# PlasmaCam with a router ???



## The Hobbyist (Apr 25, 2015)

Hi, I have a Samson 510 CNC plasma table with a router attached in place of the plasma torch. The Samson 510 is the larger version of the PlasmaCam table.

I would like to hear from anyone else who does this, or would be interested in doing this. 

PlasmaCam just came out with a router adapter package for their table, so they are begrudgingly tossing their hats into the CNC router arena. I am probably partially responsible for that, since I have done nothing but routing with my "plasma table" since I purchased it.

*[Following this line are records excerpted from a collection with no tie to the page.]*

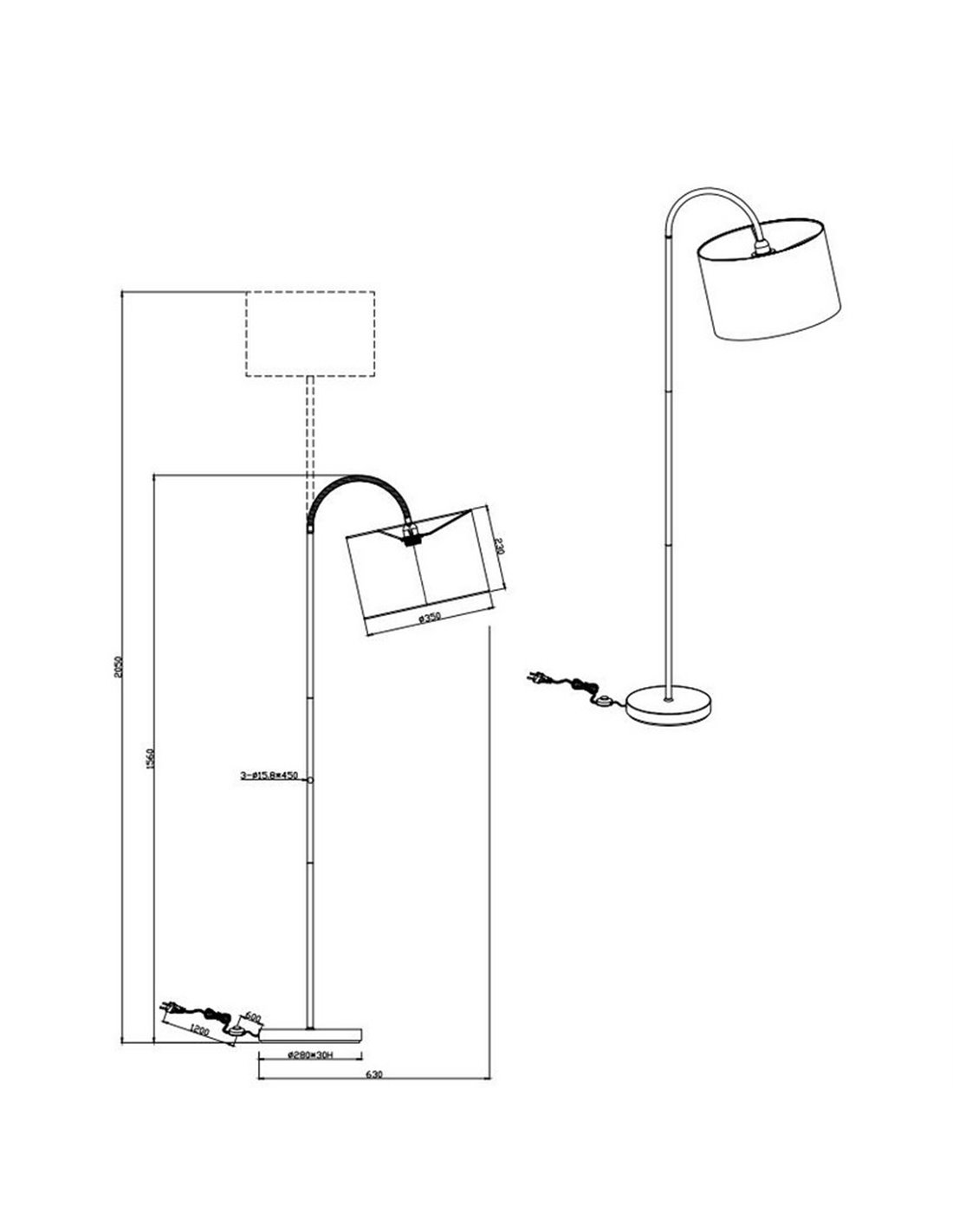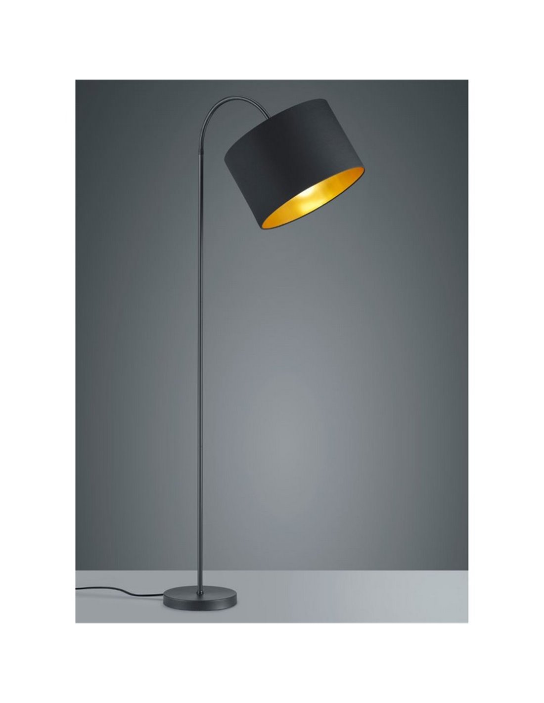 A cúpula de tecido preto suaviza o brilho e proporciona uma luz agradável, ideal para relaxar ou ler. O interruptor de pé torna o uso fácil e prático.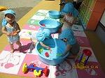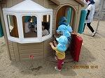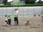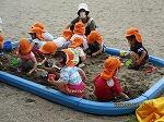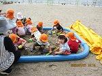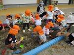 あひる組(2歳児)さんは、お友達と一緒に砂遊び、先生と一緒に道具の貸し借りをしながら、楽しく遊んでいます。
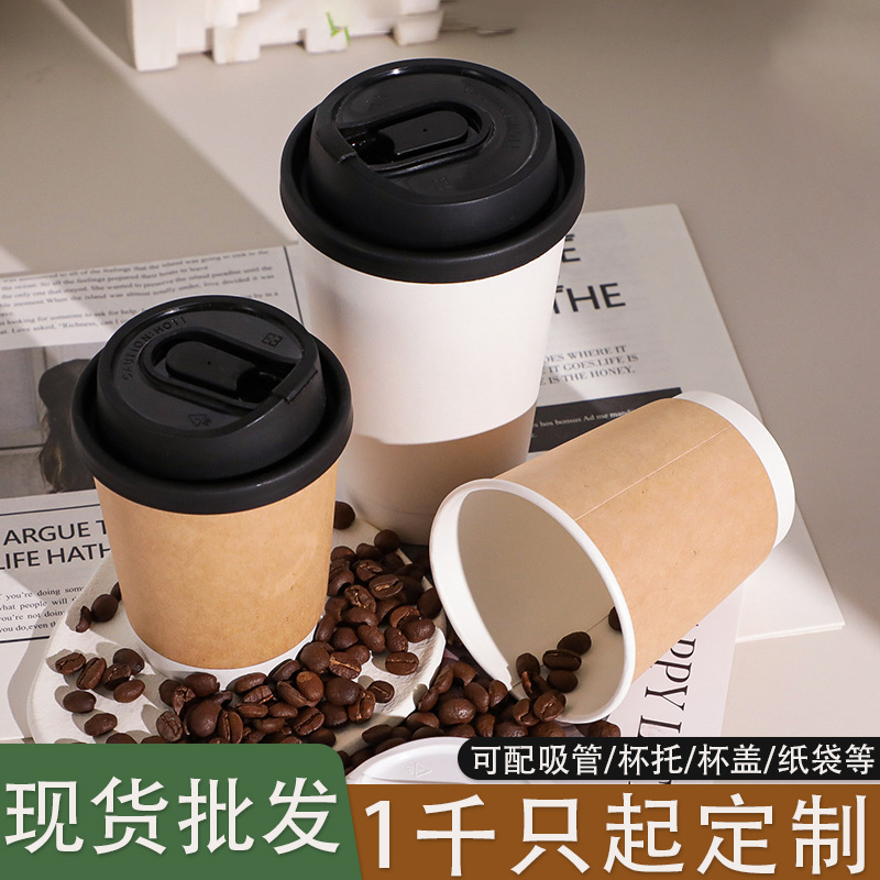 使い捨て厚手クラフト紙カップセット断熱水カップセットコーヒー紙カップミルクカップジュース断熱紙カバー100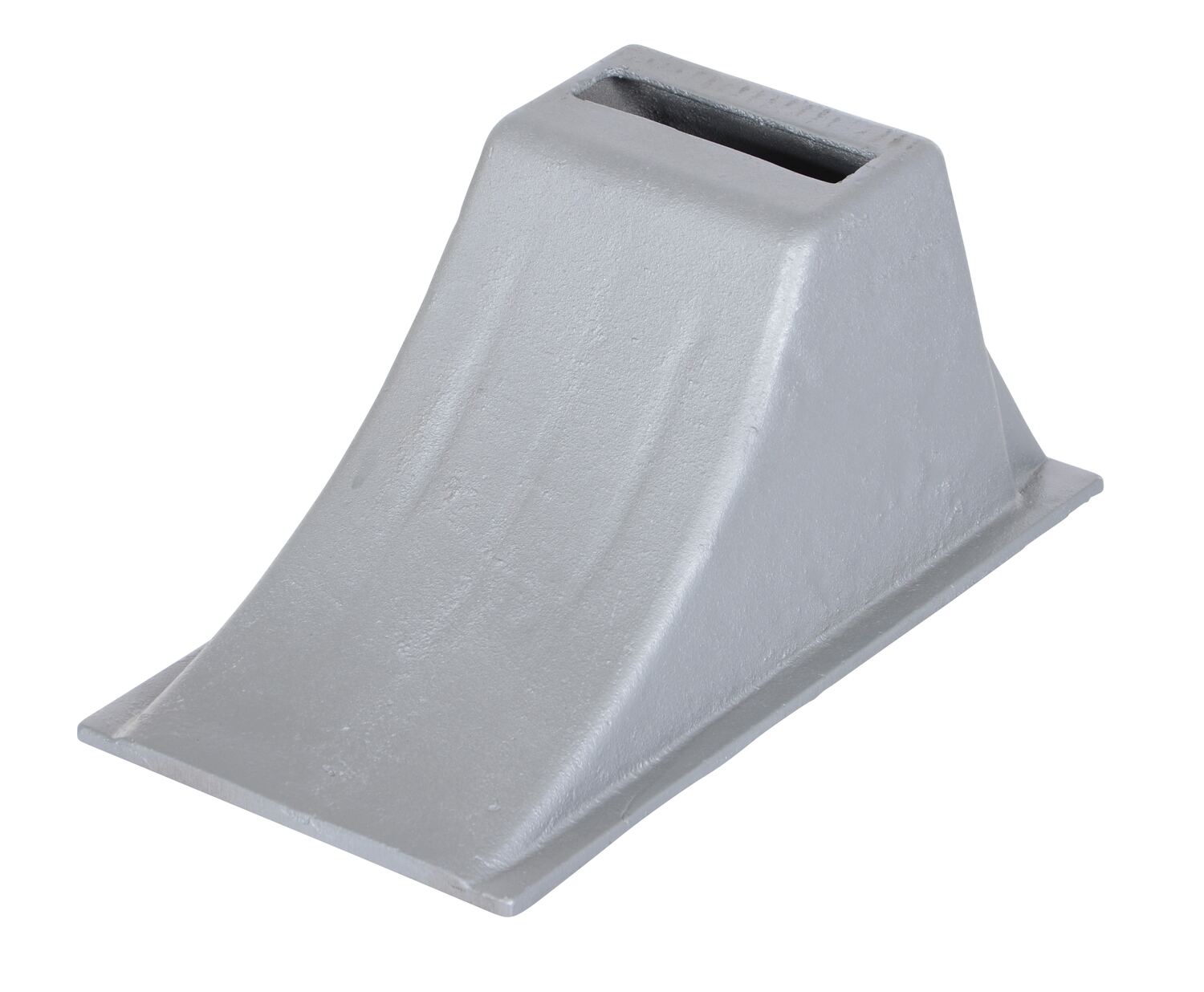 Cast Steel Slope Wheel Chock 15-1/4 In. x 8-1/2 In. x 8-1/2 In. GrayThe steel Wheel Chock is great for on the go or while at the shop. The chock is created with a robust construction for a long lifetime of use. A compact design ensures limited amount of storage space when not in use.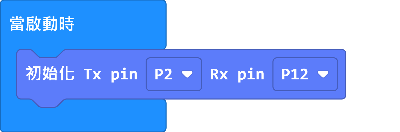 由於Robotbit Edu的通訊接口使用了P2與P12,我們在MakeCode裡面就要相應地選擇引腳。

I use their DesignEdge software to run the table. I have added the advanced height control, advanced design software upgrade, the 3D capability, and the pipe cutting feature to my table.

Soon, I will open up for business and begin making this n' that, to sell at local consignment stores and on the Net. I am not focusing on a particular thing right now. i am just having fun!


----------



## Fasteddie58 (May 18, 2014)

Welcome to the forum Joe!


----------



## jw2170 (Jan 24, 2008)

Hi Joe, welcome to the forum.

Which router are you using on the CNC?


----------



## The Hobbyist (Apr 25, 2015)

Right now I am using the 2.25 HP Bosch router. I bought three different router adapters from John Derby. I bought one for the DeWalt trim router model 660 first, and then I bought one for the DeWalt 611 router, and finally one for this Bosch router.


----------



## old55 (Aug 11, 2013)

Welcome to the forum Joe.


----------



## The Hobbyist (Apr 25, 2015)

Thanks! I am looking forward to learning from you experts. I can work with tools, but I am not as good as I'd like to be with them.

Joe


----------



## Keith Hodges (Apr 30, 2013)

Would be interested in seeing some of your projects to see how it compares to a regular CNC.


----------



## The Hobbyist (Apr 25, 2015)

Keith Hodges said:


> Would be interested in seeing some of your projects to see how it compares to a regular CNC.


Here is my FLICKR.COM photo album. Enjoy!

*"You are only allowed to post URLs once you have at least 10 posts."*

Well ... check back later on. I'll get to ten posts soon, and then I'll post a link to the FLICKR.COM page.

If you are a Pinterest .COM user, you can see them by looking at my work there. Search for "*Samson 510 CNC and PlasmaCam*" which is the name of my "pin" on that site.


----------



## The Hobbyist (Apr 25, 2015)

Hmmm... no EDIT button.

That is supposed to read, "PINTEREST.COM"


----------



## The Hobbyist (Apr 25, 2015)

:frown: I haven't reached 10 posts yet.


----------



## wynpotter (Mar 26, 2015)

I found it ok, some cool stuff you're doing. BTW hear Donna Douglas "Elle May" passed away awhile back. liked your cut on her pic.
Wyndham


----------